De même, les fameuses compagnies du Golfe savent bien qu’elles ne pourront pas faire longtemps cavalier seul dans un système mondialisé. A côté du « seul contre tous » apparaît donc une autre stratégie. Etihad est en train de nouer une alliance commerciale et financière avec AF-KLM. Qatar Airways noue des alliances avec British Airways et son alliance One World. Emirates ne suit pas pour l’instant le même chemin, mais a aussi noué des accords avec easyJet, Qantas, Virgin America sur leur programme de fidélisation.

La question pour les syndicats des salariés des compagnies aériennes n’est donc pas de faire front commun avec leur direction (contre les low cost, contre Aéroports de Paris, contre les compagnies du Golfe…) ou avec leur Etat national, mais bien de lutter contre toutes les attaques sociales visant les emplois, les salaires, les accords et les conventions. Car dans toute la chaîne du transport aérien, la même logique est à l’oeuvre.

Cela va de pair avec l’exigence de conventions communes de plus haut niveau en Europe pour les travailleurs de l’aérien, contre le dumping social et contre les réglementations antisyndicales existant notamment mais pas exclusivement chez les low cost, et pour le respect des règles sociales en vigueur dans notre pays pour tous les salariés travaillant ici, quelle que soit leur entreprise ou leur nationalité.

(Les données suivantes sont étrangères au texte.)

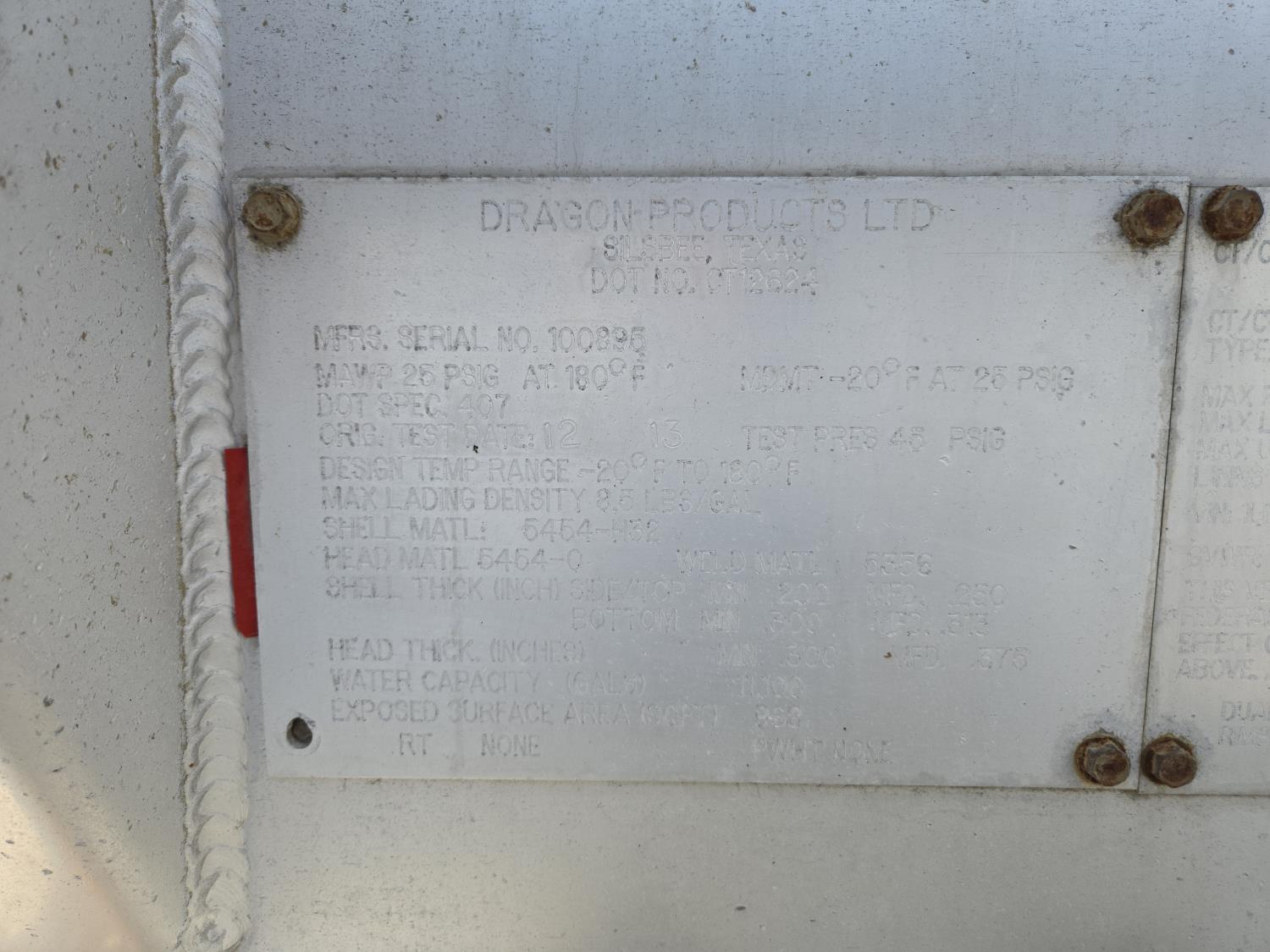 245 2014 Dragon 11,100 Gallon TRI/A Aluminum Tanker

De même, au lieu d’opposer protection de l’environnement, lutte contre les changements climatiques et protection des emplois, les salariés et les syndicats de l’aérien doivent agir contre un développement concurrentiel du secteur qui favorise les nuisances sonores et une lourde pollution, pour une utilisation du transport aérien limité aux longues distances avec des réseaux publics multimodaux. Cela ne pourra pas se faire sans l’appropriation publique du secteur.